午前4時―
携帯にセットしてあった目覚ましのタイマーが作動します。小気味よいバイブレーターの振動が、ベルトに付けた携帯ホルダーから俄かに身体へと伝わって来て、「もう起きる時間だよ」と、主人の体を揺り起こします。
ん、待てよ。 腰のベルトの携帯って… 家ではいつも、寝起きの瞬間は耳元にある筈の携帯。 それが何故腰のベルトに? しかも主人は、どういう訳か既に車の中にいるではないか。
まるで夢の中でも彷徨い歩いているかのように記憶の断片が途切れ途切れだった僕は、まず順を追って、この日にあった出来事を思い出してみることにしました。

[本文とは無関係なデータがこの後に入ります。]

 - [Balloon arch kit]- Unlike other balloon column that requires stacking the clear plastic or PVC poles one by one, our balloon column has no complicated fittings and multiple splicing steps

この日の仕事は、その第一現場が少々遠出のロケセットだった為、早朝6時15分に機材を積み込んで出発。 事務所での車両乗換えや準備やらの時間を含めて逆算すると、なんやかんやで起床は午前4時となるので、毎日起動するように設定された携帯目覚ましの時間を、この日は4時に合わせて起き、まだ薄暗い早朝の大通りを、眠い目を擦りながら、一路事務所へと向って行ったのです。
午後3時―
一ヶ所目の現場が終わり、二ヵ所目である都心部のロケ現場へ、ロケ隊の全車が大移動を敢行します。

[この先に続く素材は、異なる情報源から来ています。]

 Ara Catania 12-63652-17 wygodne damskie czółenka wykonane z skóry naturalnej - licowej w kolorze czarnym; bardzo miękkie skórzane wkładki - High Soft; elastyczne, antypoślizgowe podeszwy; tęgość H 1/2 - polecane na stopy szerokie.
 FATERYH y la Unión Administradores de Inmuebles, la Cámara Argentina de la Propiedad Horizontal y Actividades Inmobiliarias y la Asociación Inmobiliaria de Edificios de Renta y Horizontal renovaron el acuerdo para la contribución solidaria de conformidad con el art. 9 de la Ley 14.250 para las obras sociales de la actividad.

次の現場ではナイターロケがメインになる為、少し明るいうちから現場であるビルの屋上へと機材や飾り込みの荷物を上げ、一通りの段取り(ドライ)や食事を済ませ、陽が暮れて完全に暗くなった時点で直ぐにでも撮影が開始出来るよう、全ての準備を予め整えておきました。

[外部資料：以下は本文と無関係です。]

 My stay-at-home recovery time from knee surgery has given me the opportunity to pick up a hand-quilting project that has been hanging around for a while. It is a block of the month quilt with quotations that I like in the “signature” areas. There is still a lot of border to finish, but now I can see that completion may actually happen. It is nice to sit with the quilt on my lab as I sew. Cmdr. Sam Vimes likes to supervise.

一方車両チームはと言いますと、ロケ隊が屋上でのナイターロケという事で、煩わしい交通遮断等の手伝いもなく、20時以降は駐車禁止指定場所からも除外されるようなオフィス街だったので、まぁそれでも一応は車から離れたりはせずに、後は心置きなく、ロケが終わるまでの間を、自由に路上で待機する事になったのです。 そしていつしか僕は、ついウトウトと夢の中を彷徨い歩き始めたのでした。
午前4時―
携帯にセットしてあった目覚ましのタイマーが作動します。小気味よいバイブレーターの振動が、ベルトに付けた携帯ホルダーから俄かに身体へと伝わって来て、「もう起きる時間だよ」と、主人の体を揺り起こしたのです。
ですが、ロケは依然続いていました。
なるほど… 毎日起動するように設定された携帯の目覚ましが、翌日の午前4時、再び鳴り始めてしまうまでの約24時間もの間、ロケ隊はただひたすらロケ現場にその身を拘束され続けていたのです。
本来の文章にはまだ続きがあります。